Deadlocks could arise if two conditions are true: you have mutilple theads, and they contend for more than one resource.

Do you write multi-threaded code? You might do this explicitly by starting your own threads, or you might work in a framework where the threads are created out of your sight, and so you're running in more than one thread without you seeing that in your code.

An example: the Java Servlet API. You write a servlet or JSP. You deploy to the app server. Several users hit your web site, and hence your servlet. The server will likely have a thread per user.

Now consider what happens if in servicing the requests you want to aquire some resources:

if ( user Is Important ){
     getResourceA();
}

getResourceB();

if (today is Thursday ) {
    getResourceA();
} 


// some more code

releaseResourceA();
releaseResoruceB();

In the contrived example above, think about what might happen on a Thursday when an important user's request arrives, and more or less simultaneously an unimportant user's request arrives.

The important user's thread gets Resoruce A and wants B. The less important user gets resource B and wants A. Neither will let go of the resource that they already own ... deadlock.

This can actually happen quite easily if you are writing code that explicitly uses synchronization.
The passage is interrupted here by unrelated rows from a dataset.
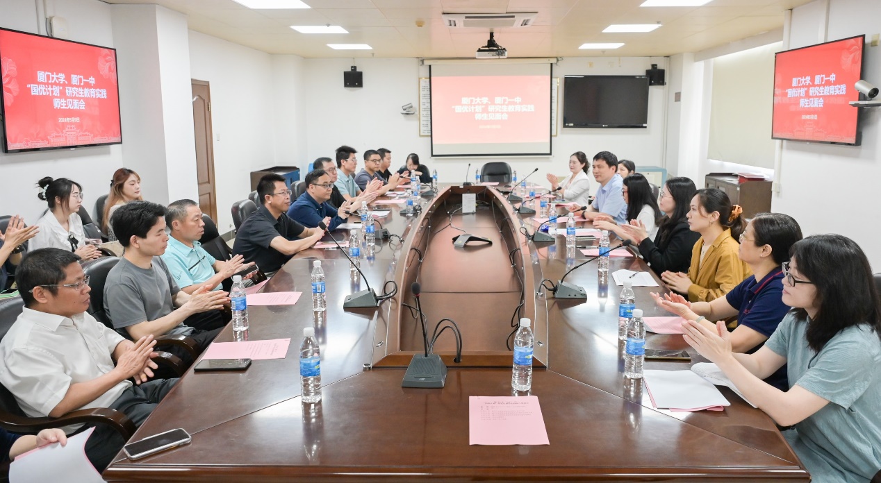 5月9日上午,厦门大学与厦门一中联合举办了“国优计划”研究生教育实践师生见面会。厦门大学研究生院常务副院长谢兆雄教授、厦门一中副校长钟斌,厦门一中教务处和教研室有关负责人、高一高二年段长、教育实践导师代表,厦门大学教育研究院、教师发展中心研究生导师代表,以及即将进入基地开展校外实践的“国优计划”研究生等参加活动。
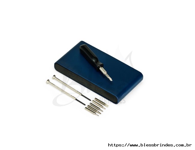 Kit ferramenta com 9 peças em estojo plástico com botão de acionamento. Contém: 1 chave extensora rotatória para conexão das ponteiras, 3 ponteiras Phillips, 3 ponteiras fenda, 1 chave Phillips, 1 chave de fenda.
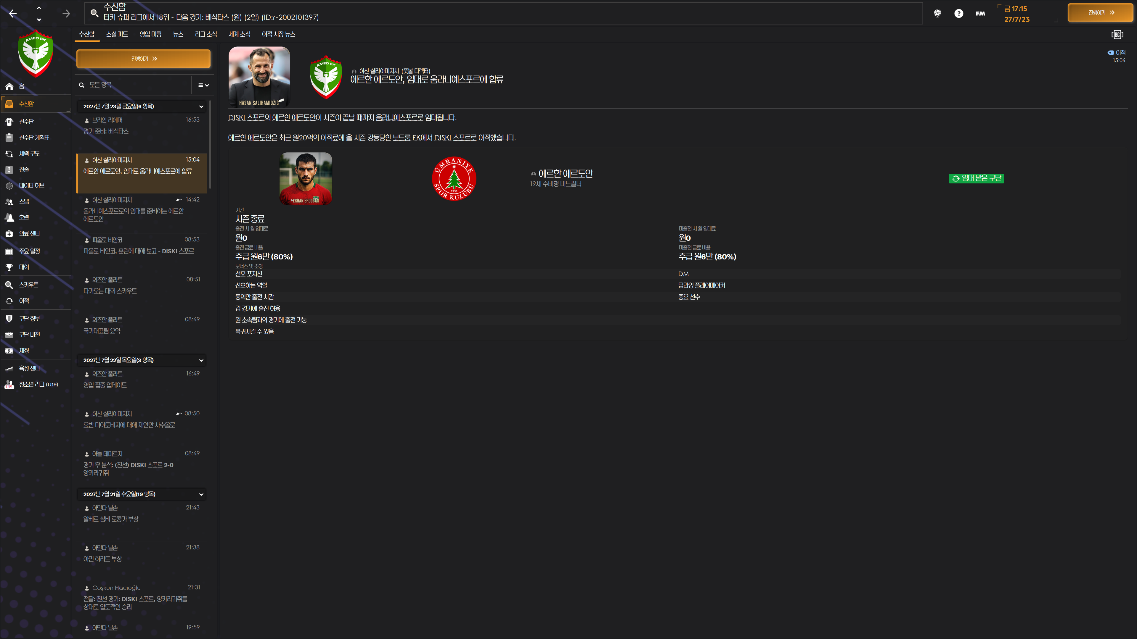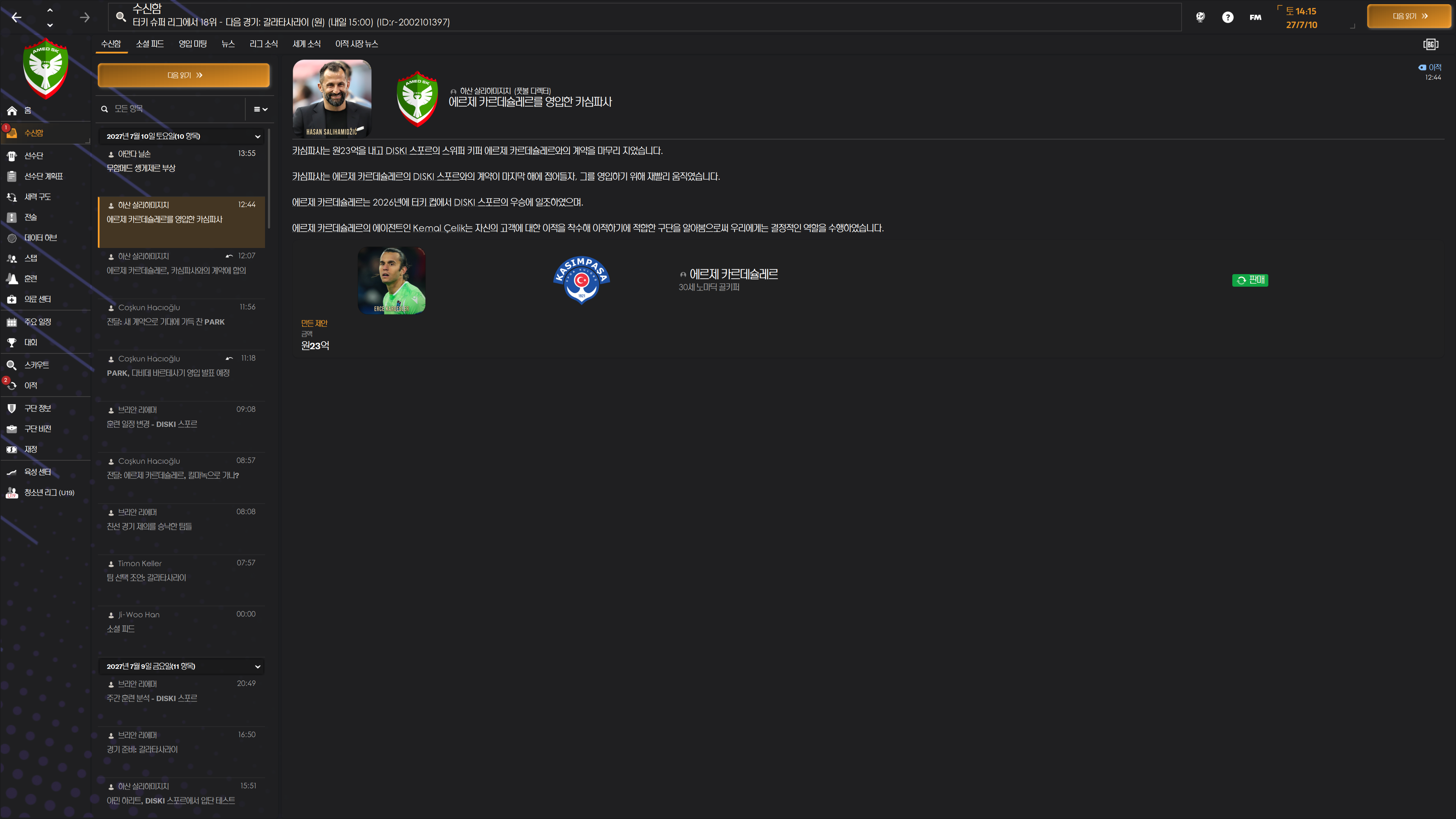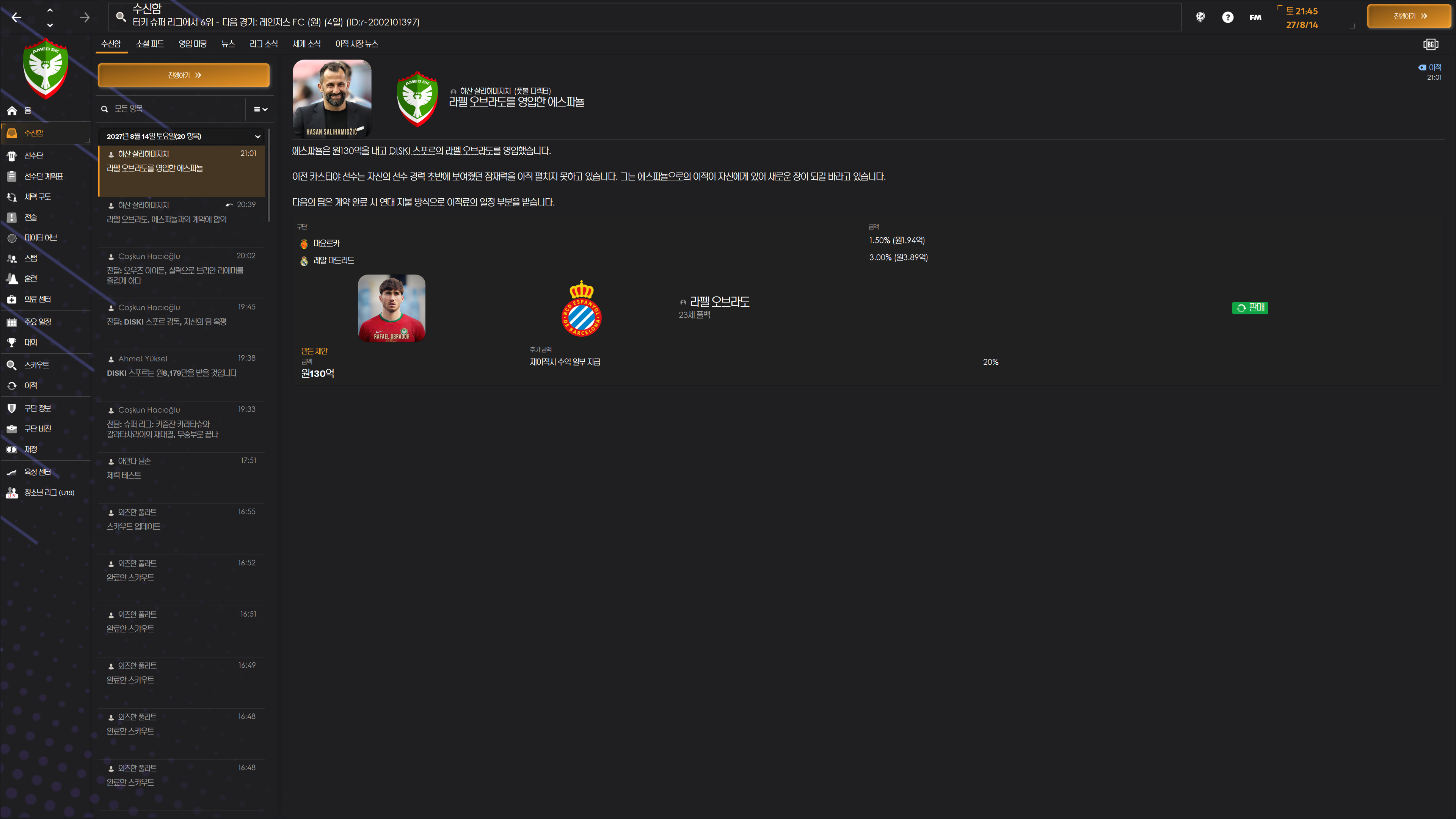 리버풀이라 고민했지만 스탯값 못하는 놈이니 그냥 팔고
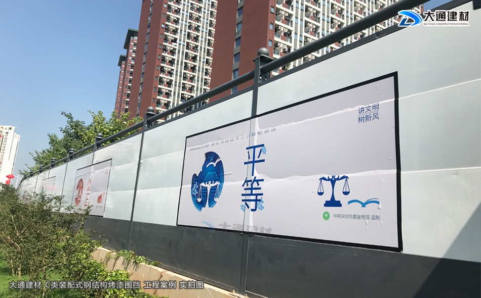 深圳市大通建材有限公司專(zhuān)業(yè)生產(chǎn)烤漆鋼圍擋源頭廠家,大通烤漆鋼圍擋C款符合深圳市標(biāo)準(zhǔn)是一款新型裝配式圍擋,拆裝方便、美觀大氣、綠色環(huán)保、安全穩(wěn)固,在施工時(shí)可以起到了一定的隔離危險(xiǎn),安全防護(hù)作用,已廣泛應(yīng)于深圳各區(qū)域的工程施工項(xiàng)目。
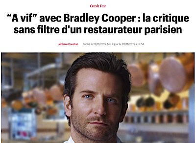 Télérama est allé demander au » volubile » chef Pierre Jancou son impression sur l’interprétation de Bradley Cooper dans son rôle de chef dans le film de John Wells. Le chef n’y va pas par 4 chemins : » Bradley Cooper, est un bon acteur mais qui fait trop poupon pour avoir vécu la vie qu’il a vécu dans le film. Si vraiment tu t’es shooté à l’héro et que tu a fini par ouvrir un million d’huitres à la Nouvelle Orléans, t’es un peu plus marqué. » … « Dans ce milieu, tu te grilles facilement et tu as du mal à te décrotter d’une réputation, donc son histoire de come back n’est pas très crédible. C’est un milieu qui n’oublie pas, assez mesquin : ma réputation des années 90, on m’en parle encore en 2015. Si tu travailles dans la haute gastronomie, tu ne te relèves pas d’un passé dans la drogue comme Bradley Cooper dans le film. Ce qui ne t’empêche pas d’être rock’n’roll, et de faire un restaurant bistronomique en t’éclatant : j’en suis, je crois, un bon exemple. »… au moins c’est clair !
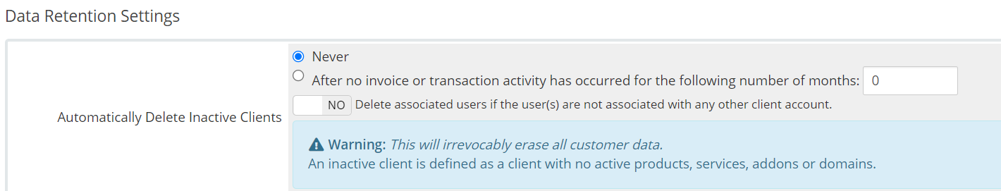 Data retention settings control how long clients with no active products, services, addons, or domains will be kept in the system before being automatically removed.
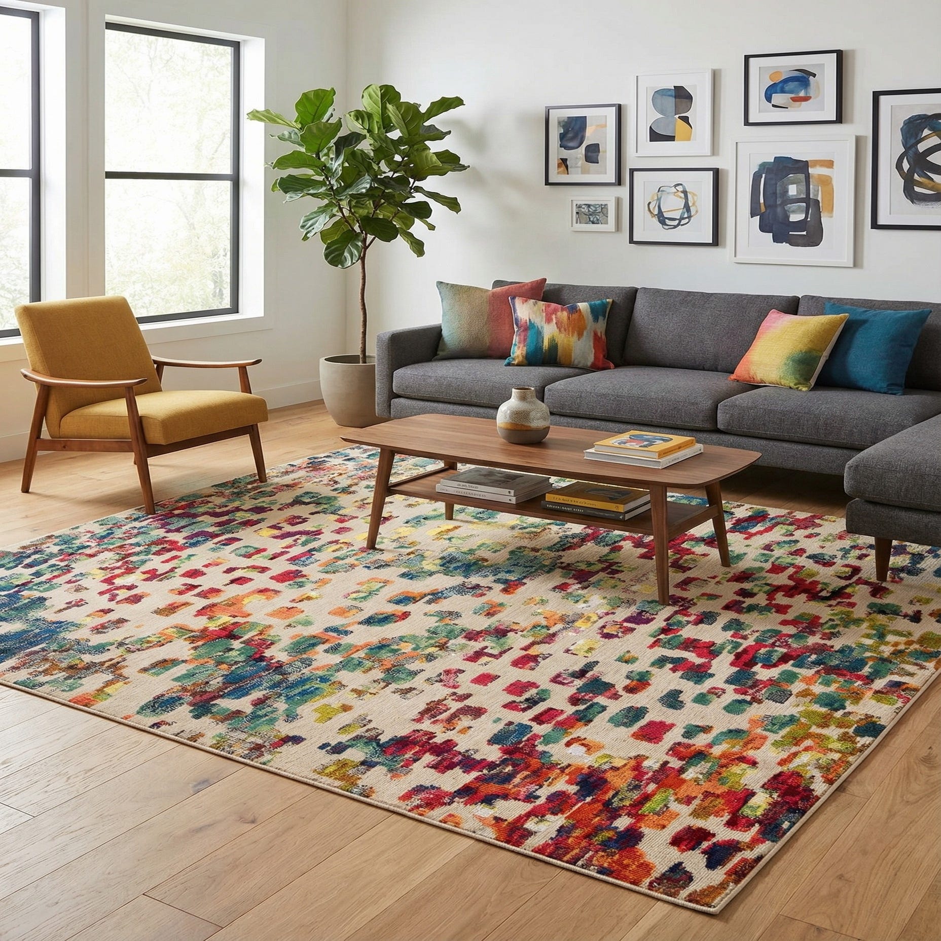 A 10'x10' square modern multi-colored rug with a textured abstract pattern of red, blue, green, and yellow on a beige background.

Most commonly I see it happen when using databases, and fortunately databases usually have deadlock detection so we can find out what error we made.

Defense against deadlock:

  1. Acquire resources in a well defined order. In the aboce example, if resource A was always obtained before resource B no deadlock would occur.
  2. If possible use timeouts, so that you don't wait indefinately for a resource. This will allow you to detect contention and apply defense 1.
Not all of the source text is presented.